Our first safari in Tadoba Andhari Tiger Reserve was in the Keslaghat buffer in the evening. By then, I had already adjusted my expectations. All our safaris were in buffer zones. No core entries. No guarantees. Just long forest tracks and hope. When we reached the gate, I realized why getting tickets was difficult.  There were only 8-10 jeeps starting at that time.  

The drive began quietly. No alarm calls. No strong scent of a predator. Only the guide who came with us talked about his experience. We did not notice even subtle shifts in the atmosphere to guide us to a tiger sighting. For over two hours, we drove through dry forest, stopping occasionally, listening, and waiting. It felt uneventful, I was just chatting with the guide to pass time, to learn that there are 22 gates in Tadoba, each having around 6-10 jeeps.  So relatively limited access. No wonder getting safari tickets is not easy.

And then, almost without warning, we saw him. A tiger known locally as Mama, was sleeping under a tree.  There was no dramatic entry, no chase, no rush. Just a large, calm presence in the shade, the brilliant orange color shining with the sunlight directly on a part of his body and the other part in the shade. 

Tiger Mama, sleeping under a shade

We had only one jeep alongside us when we spotted Mama. And it is a practice for the sighters to inform the other jeeps. There was no mobile coverage and our jeep was deputed to find the signal and inform.  We had to drive away from the tiger to inform others and we learnt that another tiger named Chota Mowgli had been sighted by the other jeeps.  They drove towards where we sighted Mama. We drove on the opposite side hoping to get a glimpse of Chota Mowgli, without any luck. 

A few minutes later, when we returned back to see Mama, there were nearly 20 jeeps following him. We were coming from a different direction, and could only see the jeeps and not Mama. 

There was no urgency in his movement and that of the other jeeps. He simply began walking along the track. And then, slowly, almost deliberately, he walked in our direction.

Tiger Mama Walking Towards Us.


The distance closed far more quickly than I had imagined. Twenty feet is not a metaphor when you’re sitting in an open gypsy. It is measurable. It is visible. It is close enough to notice the rhythm of his shoulders as he moves.

The forest was silent.

The tourists in other jeeps stopped speaking. Even cameras seemed restrained. In that stillness, I became aware of only one sound — my own heart, thumping far louder than it needed to.

He wasn’t charging. He wasn’t even acknowledging us. He was calm. Majestic without trying to be. Entirely unbothered by our presence. That contrast was what made the moment intense. The tiger was at ease. I wasn’t.

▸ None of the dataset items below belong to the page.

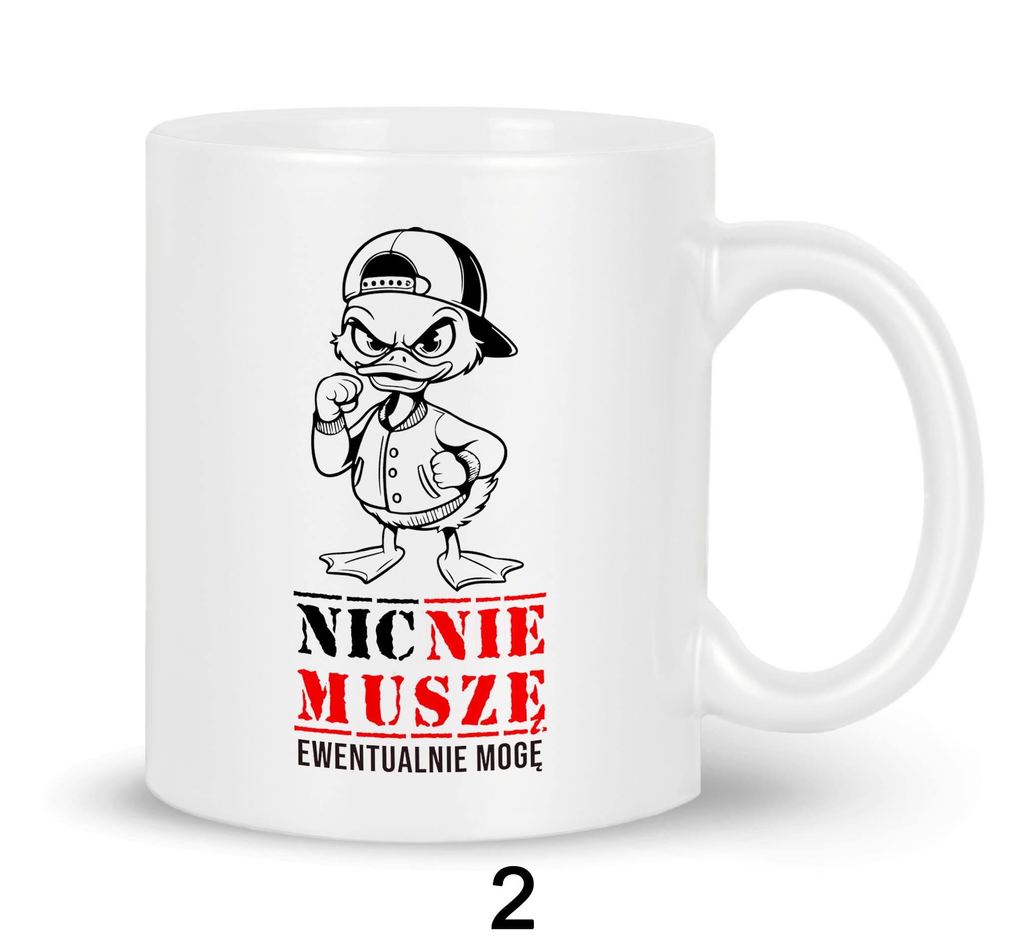 Nadruk na kubku przedstawia postać kaczki, w kurtce bejsbolówce. Poniżej grafiki znajduje się napis: "NIC NIE MUSZĘ EWENTUALNIE MOGĘ". Kubek jest wykonany metodą sublimacji, co zapewnia trwałość nadruku.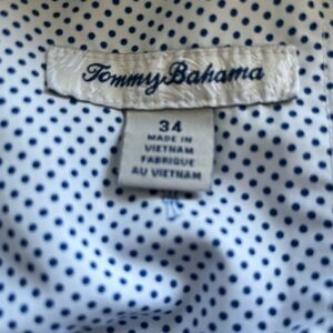 These Tommy Bahama Bermuda shorts feature zip/button closure, stretch waist, 2 hip slip pockets, 1 zip close hidden hip pocket, 2 rear slip pockets, and are in like new condition. They are 90% Polyester and 10% spandex, and the plaid is done in shades of blue, white, and peach. The size 34 has a 10" inseam, and a length of 22".
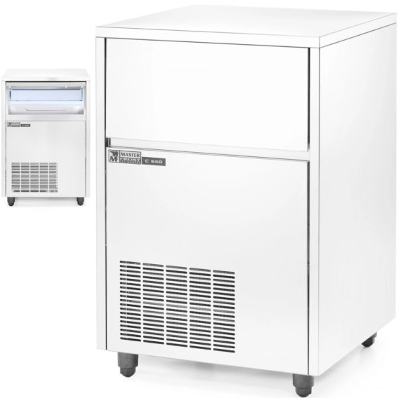Kostkarka do lodu 65 kg/24 h firmy Master Frost to wydajne urządzenie polecane do użytku w barach, pubach, kawiarniach i restauracjach. Idealnie transparentne kostki lodu z heksagonalnym otworem, wytwarzane metodą natryskową, zapewniają wysoki stopień schłodzenia przy minimalnym rozcieńczeniu napojów. Otwory wentylacyjne na froncie obudowy umożliwiające instalację kostkarki pod blatem. Elementy urządzenia są demontowane, co ułatwia ich czyszczenie. Kostkarka pracuje efektywnie do temp. otoczenia 42°C. Kompresor posiada wydłużoną wydajność i żywotność. Solidna obudowa została wykonana ze stali nierdzewnej AISI 304, a wnętrze z tworzywa sztucznego.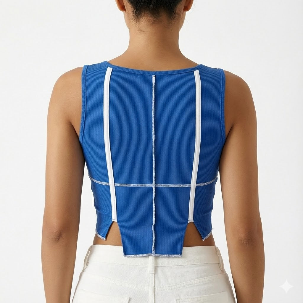 Your new obsession is here. This figure-hugging blue top delivers serious main character energy with its defined corset-style stitching and on-trend square neckline. It’s the ultimate throw-on-and-go piece that guarantees second glances wherever you are headed.
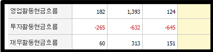 현금흐름 역시 약간 아쉬운 부분이 있습니다. 투자활동은 꾸준히 계속 이어나가고 있다는 점이 그나마 괜찮습니다.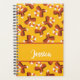 Ajoutez votre nom sur ce sucre de canne enveloppé d'arc rouge sur un motif arrière - plan orange.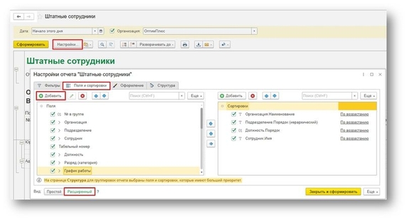 В данном отчёте для изменения общих настройки формирования необходимо перейти по кнопке Настройки – Вид расширенный – вкладка Поля и сортировки.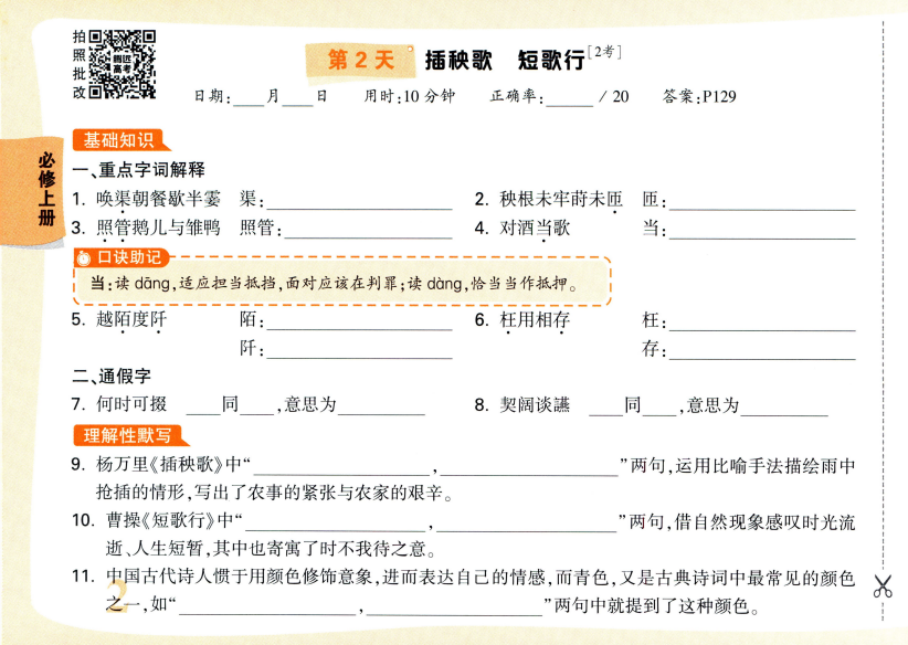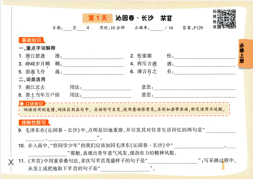 2026版腾远高考语文考点默写小纸条!(必修选必修全册,10分钟轻松默)
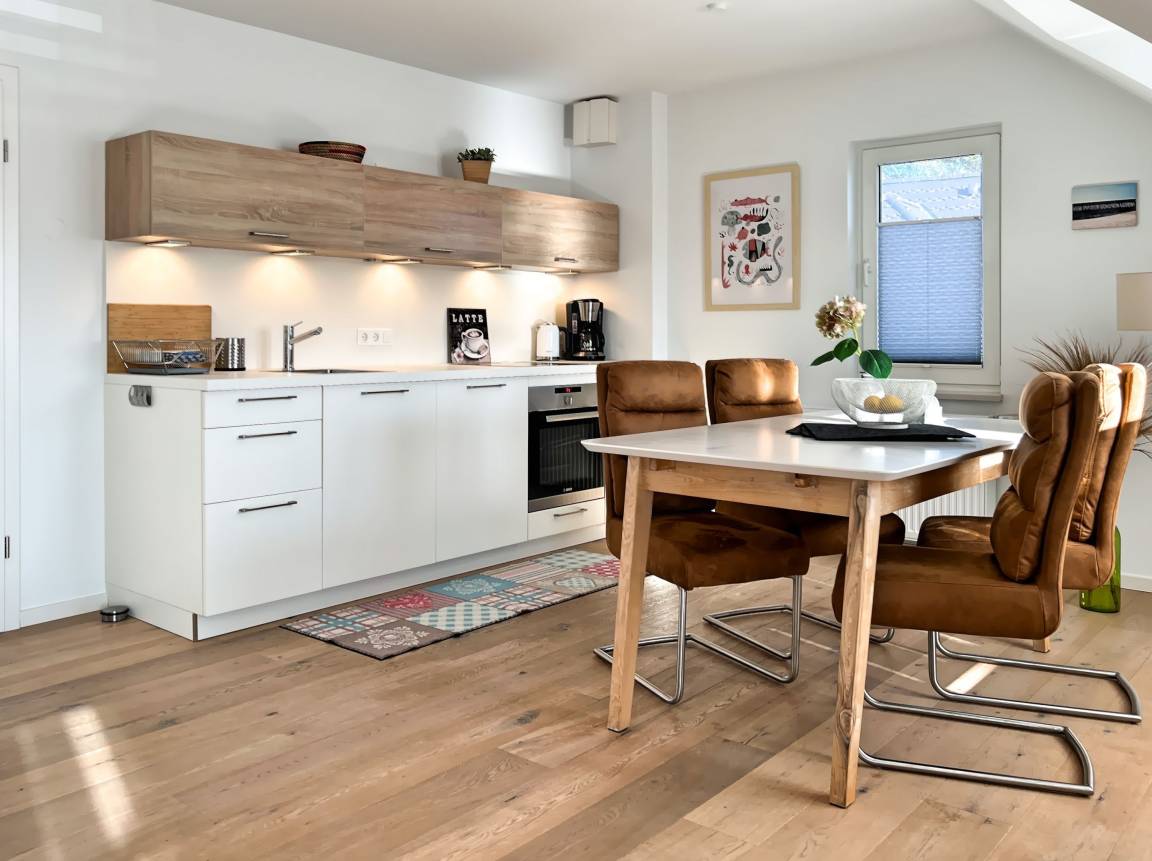 Küche und Essbereich: Offene, voll ausgestattete Küche mit Ceranfeld, Backofen, Kühlschrank, Filterkaffeemaschine, Toaster und Wasserkocher. Die angrenzende Essgruppe lädt zu geselligen Mahlzeiten ein.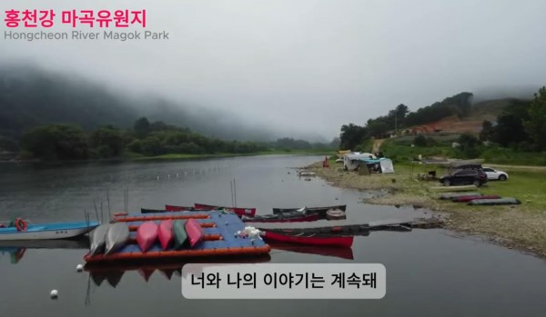 강변 뷰: 텐트나 차박 자리에서 바로 홍천강을 바라보며 힐링할 수 있습니다.

For a brief second or two, our eyes met. I instinctively looked away, unsure whether holding a tiger’s gaze was wise or foolish. It didn’t matter. He had already decided that we were irrelevant.

Then he paused, almost as if granting us permission to absorb the moment. For about fifteen minutes, he remained visible — sometimes walking, sometimes settling down in a small pool of water, entirely in control of the space.

There was no roar. No dramatic climax. Just proximity.

Those fifteen minutes felt longer than the previous two and a half hours combined.

What stayed with me wasn’t adrenaline. It was awareness. The realisation that in a forest where we spend hours searching for signs, the actual encounter can unfold quietly and without spectacle. There is no background  music announcing the moment.

When we finally moved on, conversation returned slowly. The engines revved. The forest resumed its ordinary sounds. But something had shifted inside me.

I had seen a tiger before, from a distance, in a cage. This was different. This was close enough to feel human again — vulnerable, aware, and completely dependent on the animal’s calm.

The safari had already surprised me once by offering a sighting. Now they had offered something else: perspective.

Sometimes the loudest sound in the jungle isn’t the alarm call of a sambar or the growl of a predator. It’s just your own heartbeat, reminding you exactly where you stand.